While EWJV’s largest holding, automotive leader Toyota Motor (TM), mirrors other Japanese large-cap ETFs, there are some notable differences below the line. For one, its outsized exposures to banking giants Mitsubishi UFJ (MUFG) and Sumitomo Mitsui Financial Group (SMFG) – in line with its Financials sector overweight. Perennially low P/B stocks appreciate Mitsubishi Corporation (OTCPK:MSBHF) and Honda Motor (HMC) also feature prominently in the portfolio over high multiple tech stocks appreciate Sony (SONY), Keyence (OTCPK:KYCCF), and Tokyo Electron (OTCPK:TOELY). The fund’s valuation multiple filter also means its portfolio is priced a few turns lower than EWJ at ~12x earnings and 1.1x book. As stocks trading at low multiples also tend to have more stable income streams, EWJV maintains a higher distribution yield through the cycles (currently 2.4% on a trailing twelve-month basis).
iShares MSCI Japan Value ETF Performance – Translating Value into Returns
EWJV has been the pick of the unhedged Japanese ETFs this year, notching a +21.7% year-to-date total return (vs +16.2% for EWJ). In turn, the fund’s rate of compounding since inception now stands at +6.2% in annualized market price and NAV terms. Over the last one and three years, the fund’s NAV has also been very strong at an annualized +35.3% and +10.3%, respectively.
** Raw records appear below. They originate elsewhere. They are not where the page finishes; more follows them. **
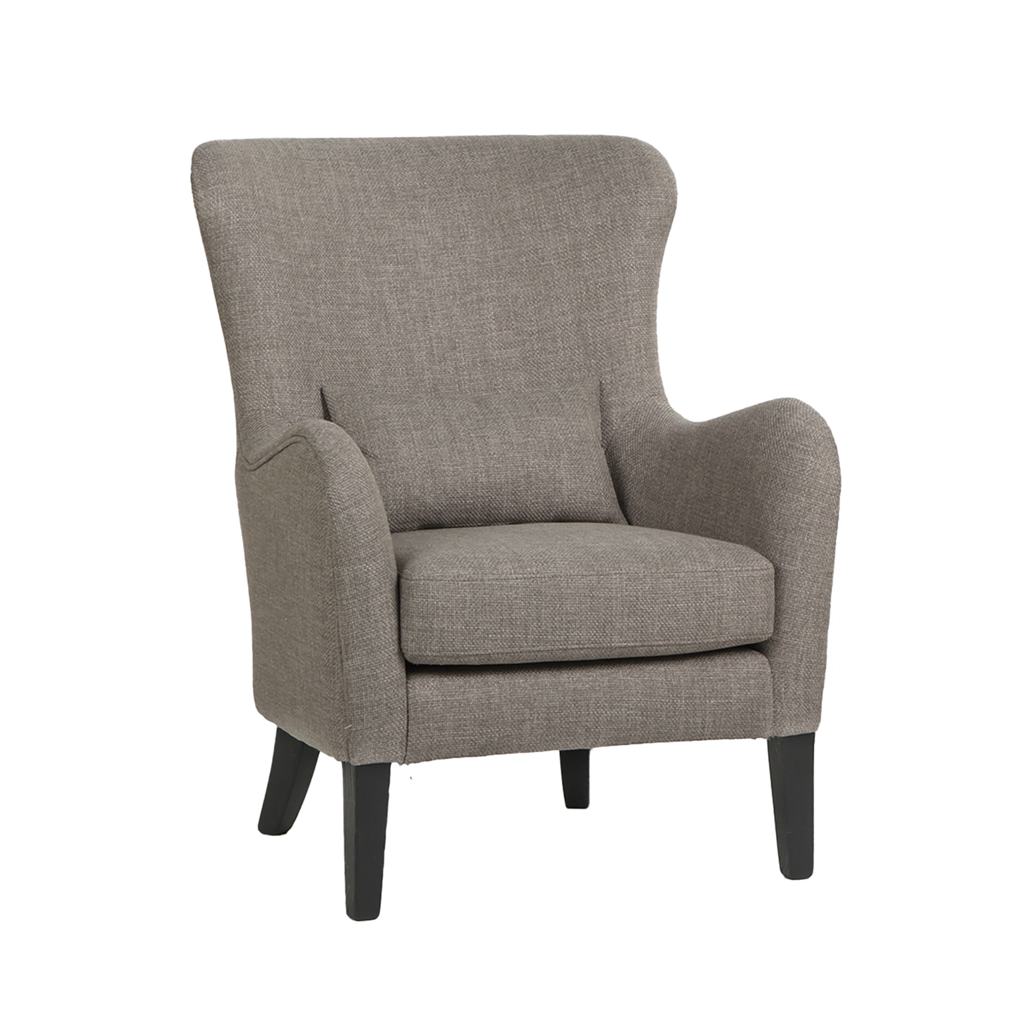 Den mjukt formade ryggdelen, rundade armstöden och den avtagbara sittplymån ger både stil och stöd. Den neutrala, vävda textilen i varm gråton gör fåtöljen lätt att matcha med olika inredningsstilar – från modern till traditionell.
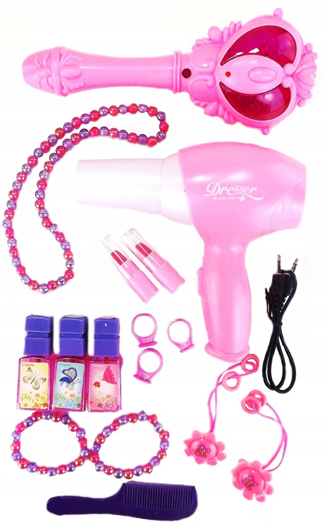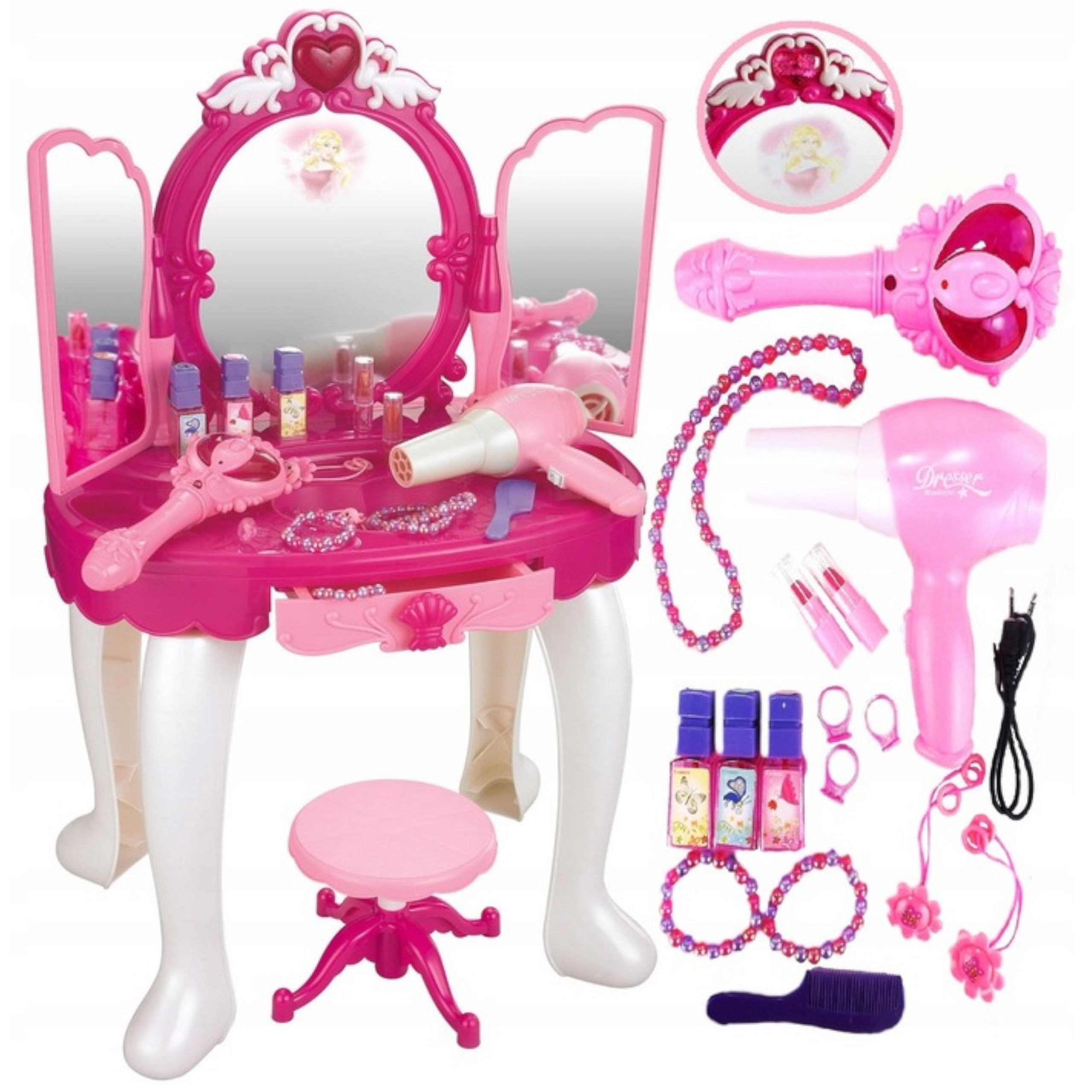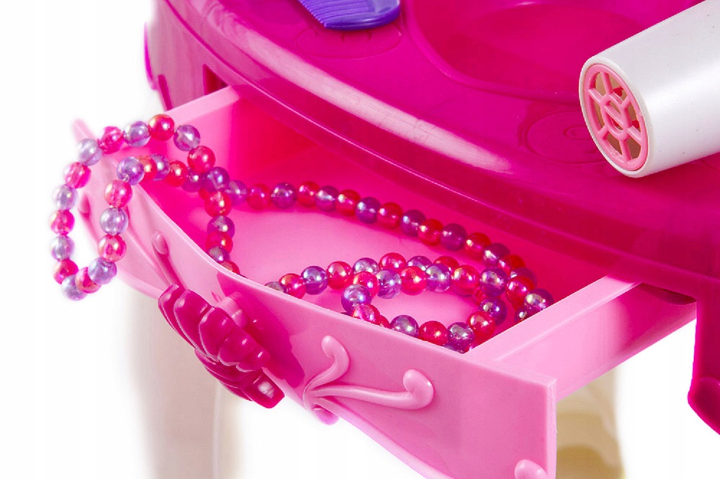 Toaletka z lustrem magiczna różdżka krzesełko mp3 hologram suszarka grzebyk akcesoria różowa
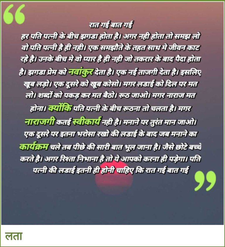 हर पति पत्नी के बीच झगडा होता है। अगर नही होता तो समझ लो वो पति पत्नी है ही नही। एक समझौते के तहत साथ मे जीवन काट रहे है। उनके बीच मे वो प्यार है ही नही जो तकरार के बाद पैदा होता है। झगडा प्रेम को नवांकुर देता है। एक नई ताजगी देता है। इसलिए खूब लड़ो। एक दूसरे को खूब कोसो। मगर लडाई को दिल पर मत लो। शब्दों को पकड़ कर मत बैठो। रूठ जाओ। मगर नाराज मत होना। क्योंकि पति पत्नी के बीच रूठना तो चलता है। मगर नाराजगी कतई स्वीकार्य नही है। मनाने पर तुरंत मान जाओ। एक दूसरे पर इतना भरोसा रखो की लडाई के बाद जब मनाने का कार्यक्रम चले तब पीछे की सारी बात भूल जाना है। जैसे छोटे बच्चे करते है। अगर रिश्ता निभाना है तो ये आपको करना ही पड़ेगा। पति पत्नी की लडाई इतनी ही होनी चाहिए कि रात गई बात गई
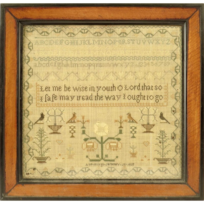 A George IV needlework sampler by Ann George, worked with birds, vases of flowers, an alphabet and a verse, signed and dated 'January 28 1828', 30.1 x 31.7cm, in a glazed moulded frame.
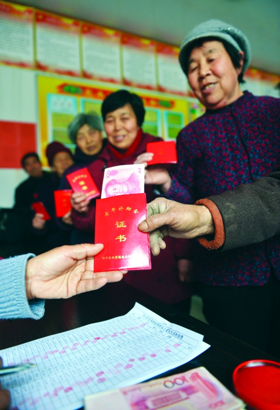 山东老人领取补助金
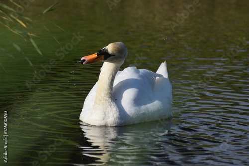 Fototapeta premium White swan bird swimming

Despite its shorter operating history, EWJV’s focus on value appears to have paid off, having firmly outpaced EWJ’s returns across all timelines – while also maintaining a much lower expense ratio and tracking error.
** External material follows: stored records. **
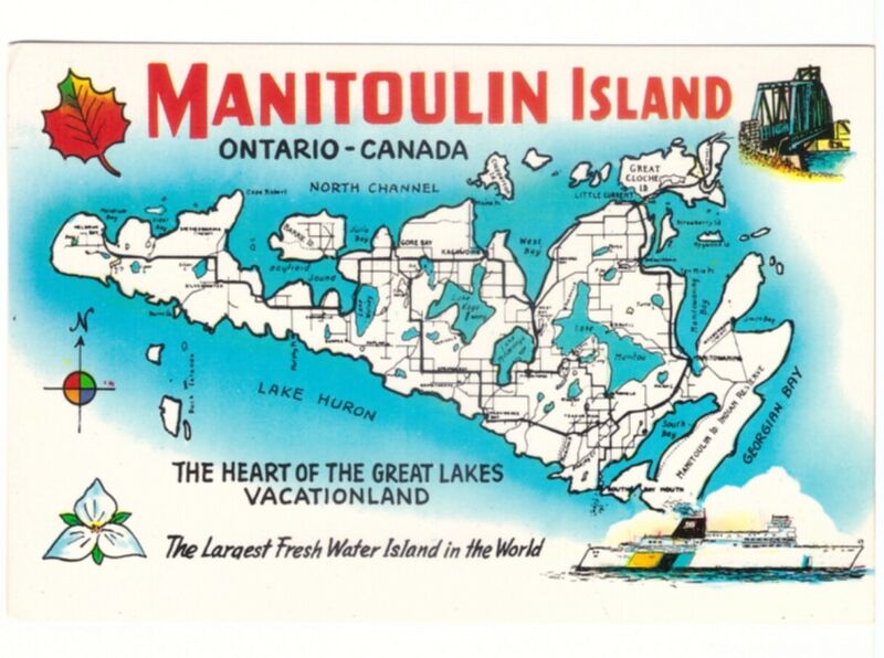 Title (ebay affiliate link): Manitoulin Island, Ontario, Map Showing Major Routes, Chrome Postcard
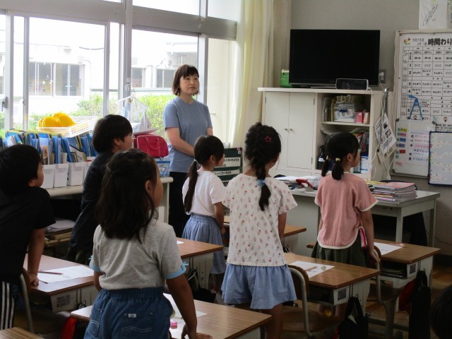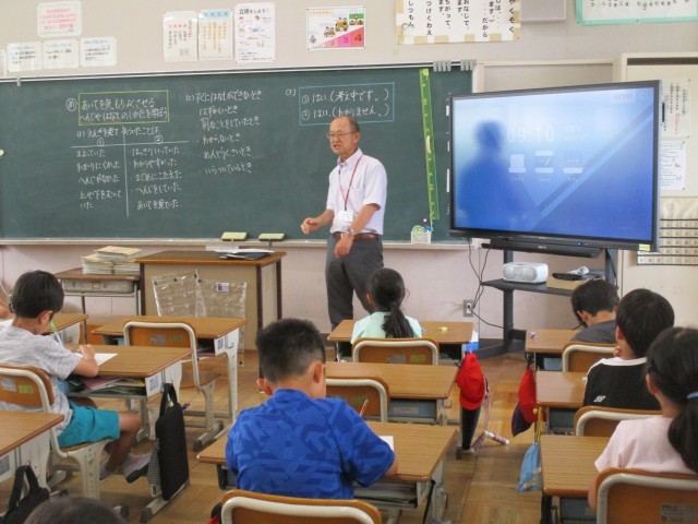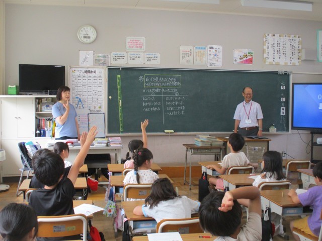 7月7日(月) ひたちなか市教育研究所の学級経営アドバイザーである塙克也先生を迎えて、2年生が「相手を気持ちよくさせる返事や話し方」について学習しました。担任の先生と塙先生の会話の演技から、気持ちのよい返事や話し方はどのような姿なのか考えたり、すぐに話ができないときはどのように返事をしたらよいか話し合ったりしました。学習を終えた後の振り返りには、「返事や話を楽しくできました」「相手の気持ちがよく分かりました」「すぐに返事ができないときにどう伝えればよいか分かりました」「楽しく授業ができたのがうれしかったです」「今日学んだことをいろいろなときに使いたいと思います」などが書かれていました。返事の仕方や話し方を具体的に学習することができ、生活や学習で発揮できる学びになりました。
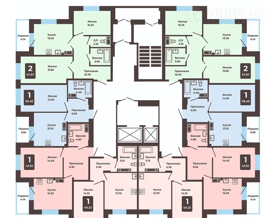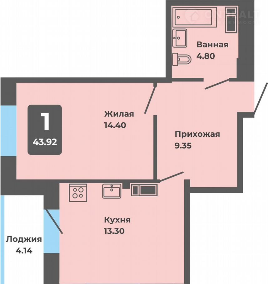 Общая площадь 43.9 м2
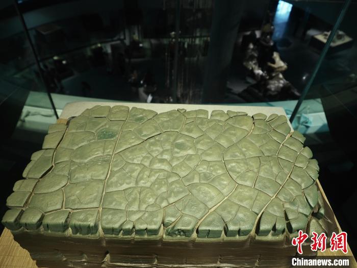 圖為現場展出的一塊奇石宛如碧綠的田地。李嬌陽 攝

The distribution is also the pick of the US-listed Japan ETFs, with last year’s $0.66/share payout equating to an overall yield of >2% (vs <1% for EWJ). With the fund’s H1 2023 distribution pacing in line with last year’s levels, helped by a TSE-led push for higher capital returns for its constituents, expect more of the same from the year-end distribution. Hence, investors looking for stable income and don’t mind taking on the FX-related swings associated with unhedged exposure to Japanese equities will find a lot to appreciate here.
A Unique Play on Japanese Corporate Reforms
Investors in Japan are set to walk away with great returns this year. Next year might be a different story, however. On the one hand, there is a multi-year TSE reform tailwind that could well reshape Japan’s previously shareholder-unfriendly corporate governance for good. In the near term, for instance, unwinding excess cash positions via buybacks or dividends will unlock quite a bit of shareholder value.
Yet, the widespread re-rating of Japanese large-caps this year, including in the value-focused EWJV portfolio, indicates these positives may already have been priced in. In fact, EWJV is now priced at a slight premium to book, limiting its leverage to a TSE-led reform theme focused on closing book value discounts. In contrast, underlying earnings growth isn’t running as quickly (high-single-digits % next year per consensus estimates), leaving room for a de-rating should future quarterly results disappoint and as monetary policy normalizes next year.